A ilha Graciosa foi a primeira das oito ilhas em que
foi detetado o problema, tendo o Governo Regional interditado a caça na ilha a
11 de Dezembro de 2014.
Luís Neto Viveiros assegurou que o Governo Regional
não está em condições de comprovar se houve ou não mão criminosa neste surto,
mas reconheceu que esta é uma “tese em avaliação”.

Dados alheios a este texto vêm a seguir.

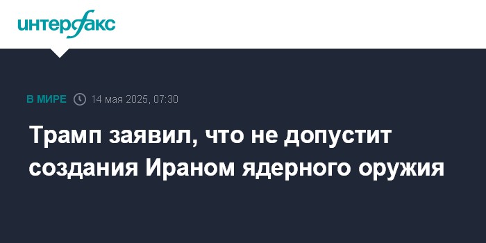 Москва. 14 мая. INTERFAX.RU - Президент США Дональд Трамп заявил, что приветствует развитие Ирана, но не допустит создания Тегераном ядерного оружия.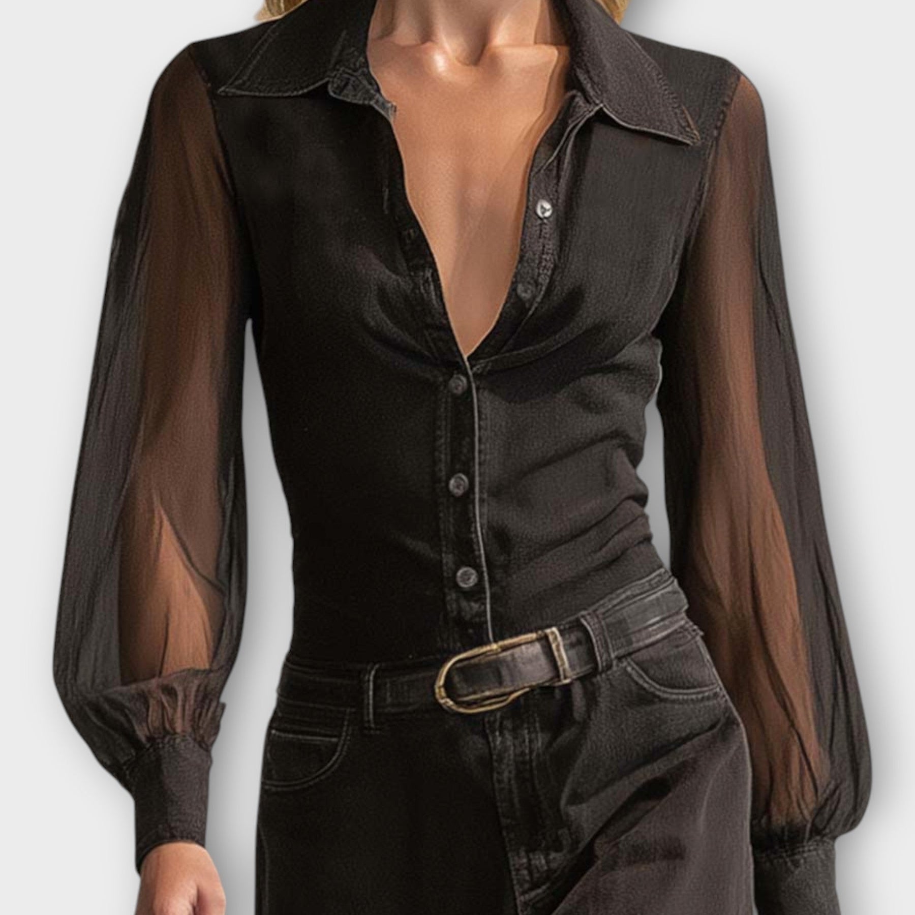 • Elegant sheer bishop sleeves that add an airy, romantic edge to the structured silhouette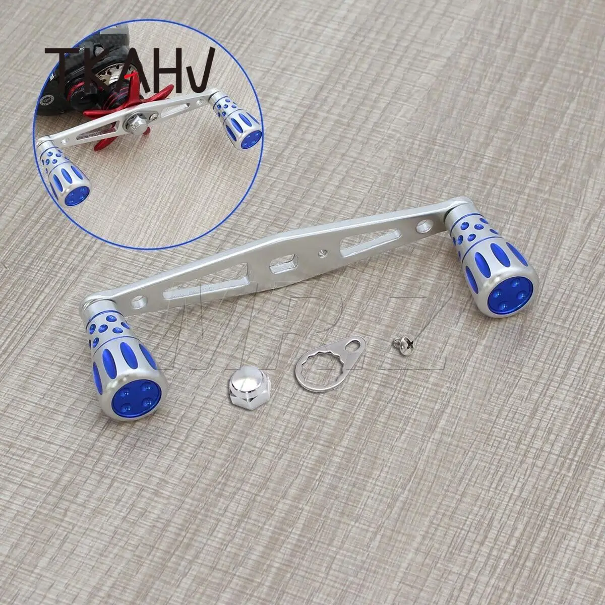Carrete de pesca para Baitcasting, plateado y azul, 4", mango azul para Abu Daiwa Shimano, carrete de tambor recto de perfil bajo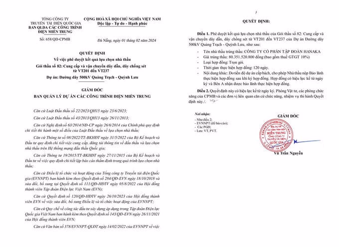 Cũng trong ngày 1/2/2024, Tập đoàn tiếp tục trúng Gói thầu số 82: Cung cấp và vận chuyển dây dẫn, dây chống sét từ VT201 đến VT237, thuộc dự án đường dây 500kV Quảng Trạch – Quỳnh Lưu. Giá trúng thầu hơn 80,351 tỷ đồng, giá dự toán gói thầu hơn 85,208 tỷ đồng.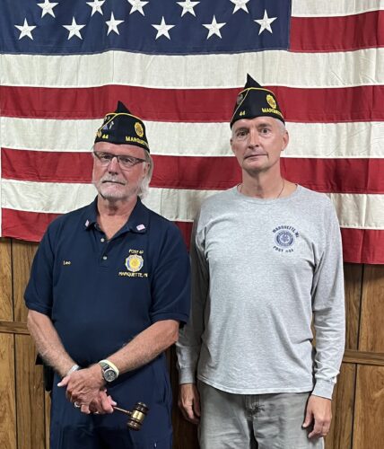 A new Commander at the Richard M. Jopling American Legion Post 44 took over effective July 1. Leo Smith (left) is the new commander and assumed his duties at the recent meeting. Jim Wallis held that position for the last five years and was congratulated for his excellent leadership.

“Havendo indícios, como algumas associações de
caçadores entendem, que terá havido mão criminosa na disseminação da doença e
introdução da mesma nos Açores, naturalmente que a secretaria estará disponível
para colaborar na identificação desta questão. Comprovando-se, os seus
responsáveis devem ser devidamente punidos”, sustentou o governante.
Neste momento, a proibição de caça ao coelho bravo
mantém-se válida apenas nas ilhas das Flores e Santa Maria, porque segundo o
governante o surto hemorrágico “foi mais forte e fez com que as densidades da
espécie sofressem uma redução substancial”, prevendo-se que a caça só deva
voltar a ser permitida nestas duas ilhas em 2016.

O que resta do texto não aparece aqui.